- [PROMPT]: Give back the full listing as written. No pictures go with it.

╭─ DATA EXTRACT

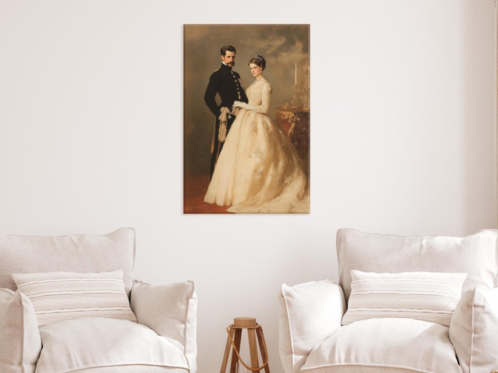 Tento majestátny portrét zobrazuje urodzený pár v slávnostnom postoji, ktorý evokuje šľachtickú dôstojnosť a aristokratickú noblesu. Muž v uniforme so zlatými detailmi a žena v bohato zdobenej bielej róbe symbolizujú silu a jemnosť v harmonickom spojení. Pozadie s luxusným nábytkom a svietnikmi dotvára dojem z kráľovského interiéru, kde sa spája krása, moc a tradícia.
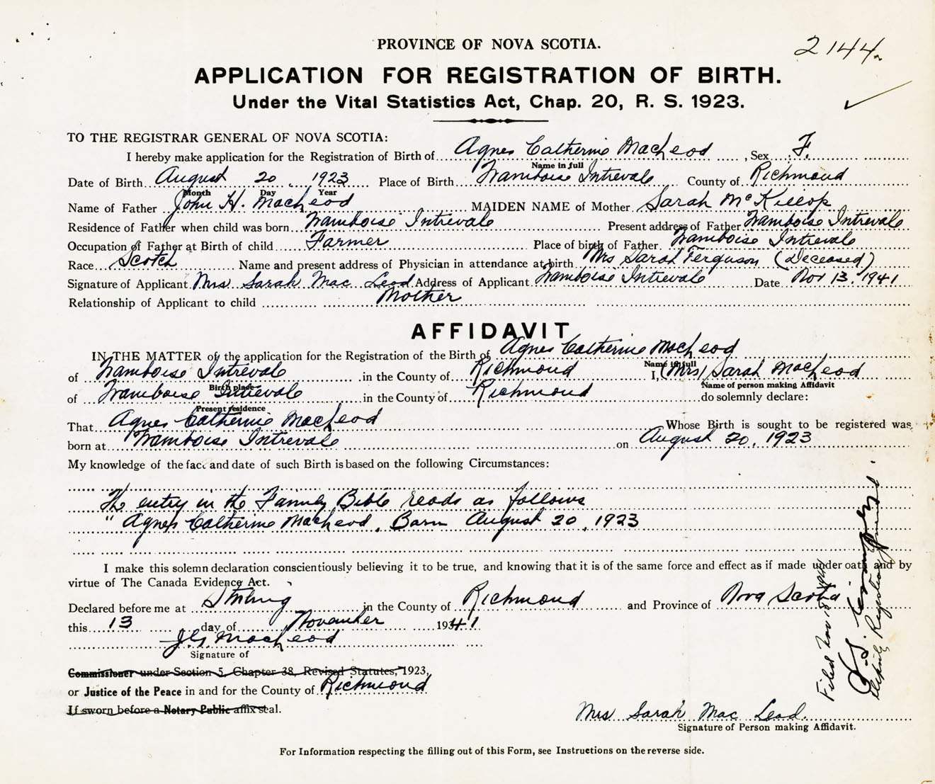 Signature of Applicant Mrs. Sarah MacLeod Address of Applicant Framboise Intervale, Richmond Co., NS Date 13 November 1941
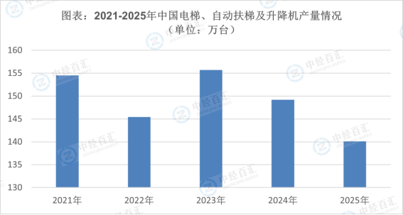 电梯是指服务于建筑物内若干特定的楼层,其轿厢运行在至少两列垂直于水平面或与铅垂线倾斜角小于15°的刚性轨道运动的永久运输设备。从中国电梯产品产量情况来看,在城镇化持续发展、基础设施投资建设和旧楼加装电梯等动力推动下,电梯行业产量逐渐增多。2025年,电梯、自动扶梯及升降机产量140.1万台,同比下降1.8%。综合各品牌在中国市场的研发能力、产品质量、服务水平和顾客满意度等表现,中国电梯行业竞争企业可分为四个梯队,以通力、日立、三菱电梯以及奥的斯为代表的老牌外资电梯企业仍然领衔国内电梯市场,为第一梯队;迅达电梯、东芝电梯、蒂森电梯、富士达电梯等外资品牌的客户管理精细程度相对较弱,位于第二梯队;永大电梯、康力电梯、西奥电梯等本土电梯企业产品成为民族品牌电梯代表,发展势头强劲,位于第三梯队;其他国内电梯行业的中小企业位于第四梯队。

╰─

- [REPLY TO THE EXERCISE]:
 Tento majestátny portrét zobrazuje urodzený pár v slávnostnom postoji, ktorý evokuje šľachtickú dôstojnosť a aristokratickú noblesu. Muž v uniforme so zlatými detailmi a žena v bohato zdobenej bielej róbe symbolizujú silu a jemnosť v harmonickom spojení. Pozadie s luxusným nábytkom a svietnikmi dotvára dojem z kráľovského interiéru, kde sa spája krása, moc a tradícia.
 Signature of Applicant Mrs. Sarah MacLeod Address of Applicant Framboise Intervale, Richmond Co., NS Date 13 November 1941
 电梯是指服务于建筑物内若干特定的楼层,其轿厢运行在至少两列垂直于水平面或与铅垂线倾斜角小于15°的刚性轨道运动的永久运输设备。从中国电梯产品产量情况来看,在城镇化持续发展、基础设施投资建设和旧楼加装电梯等动力推动下,电梯行业产量逐渐增多。2025年,电梯、自动扶梯及升降机产量140.1万台,同比下降1.8%。综合各品牌在中国市场的研发能力、产品质量、服务水平和顾客满意度等表现,中国电梯行业竞争企业可分为四个梯队,以通力、日立、三菱电梯以及奥的斯为代表的老牌外资电梯企业仍然领衔国内电梯市场,为第一梯队;迅达电梯、东芝电梯、蒂森电梯、富士达电梯等外资品牌的客户管理精细程度相对较弱,位于第二梯队;永大电梯、康力电梯、西奥电梯等本土电梯企业产品成为民族品牌电梯代表,发展势头强劲,位于第三梯队;其他国内电梯行业的中小企业位于第四梯队。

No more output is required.